Shareholder Activists Chalk Up a Win Against EMC

Shareholder Activists Chalk Up a Win Against EMC unknown

Shareholder activists have scored a small victory against corporations seeking to block their proposals from appearing on proxy statements.

On March 7, Judge Mark Wolf dismissed a suit brought by EMC Corp. in Massachusetts District Court against well-known and prolific activists John Chevedden and James McRitchie, who sought to put a shareholder proposal on the ballot recommending an independent chair at the company.

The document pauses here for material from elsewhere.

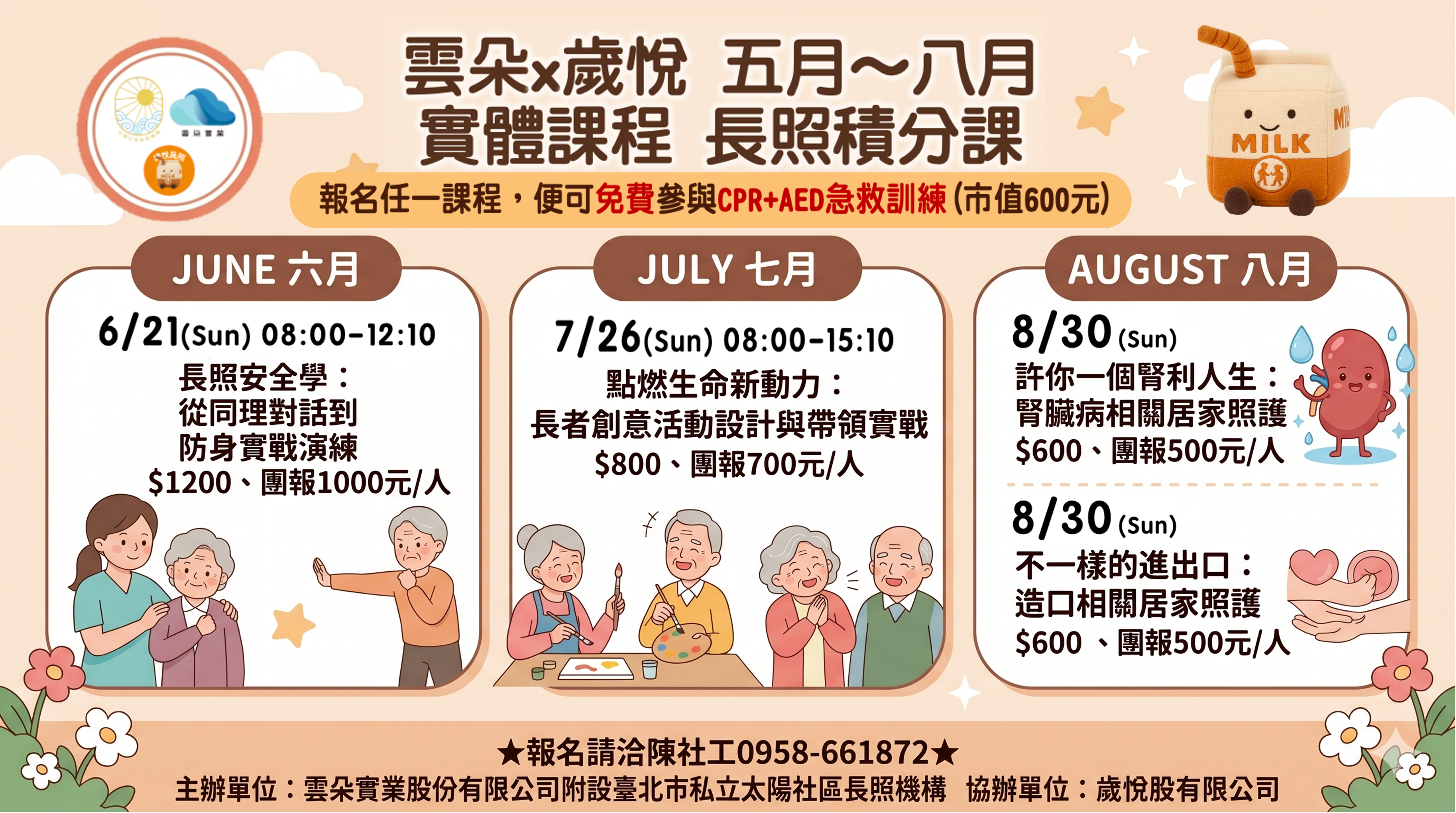 主辦單位:雲朵實業股份有限公司附設臺北市私立太陽社區長照機構

According to McRitchie’s blog, EMC first tried the Securities and Exchange Commission no-action process under Rule 14-a-8, which allows companies to exclude shareholder proposals under certain conditions. The SEC declined to block the proposal, writing in a Jan. 16 letter, “We are unable to concur in your view that EMC may exclude the proposal or portions of the supporting statement.”

EMC then brought suit against Chevedden and McRitchie in late January. It has not been the only company to do so. Similar cases against Chevedden have been brought by Express Scripts, Chipotle, and Omnicom, for example. And for at least two companies—Express Scripts and Waste Connections—the strategy worked.

In the case of EMC, McRitchie writes in his blog: “We provided them with an irrevocable promise not to sue if they excluded our proposal and a promise not to try to present the proposal at their meeting if the proposal was excluded but we refused to withdraw the proposal. EMC argued without that withdrawal they could be sued by the SEC or other shareholders.”

According to McRitchie, the judge found EMC “didn’t meet the required grounds for standing, since no harm would come from our actions.”

EMC was represented by Nutter, Mcclennen & Fish. Lawyers at the firm could not be immediately reached for comment but EMC spokesman Dave Farmer issued this statement: “EMC is exploring all its options with regard to this case.”

Gary Hewitt, an expert at corporate governance firm GMI Ratings, observed in a recent e-mail that “it will be interesting to see if this trend of companies suing their shareholders broadens beyond its current focus on Mr. Chevedden.”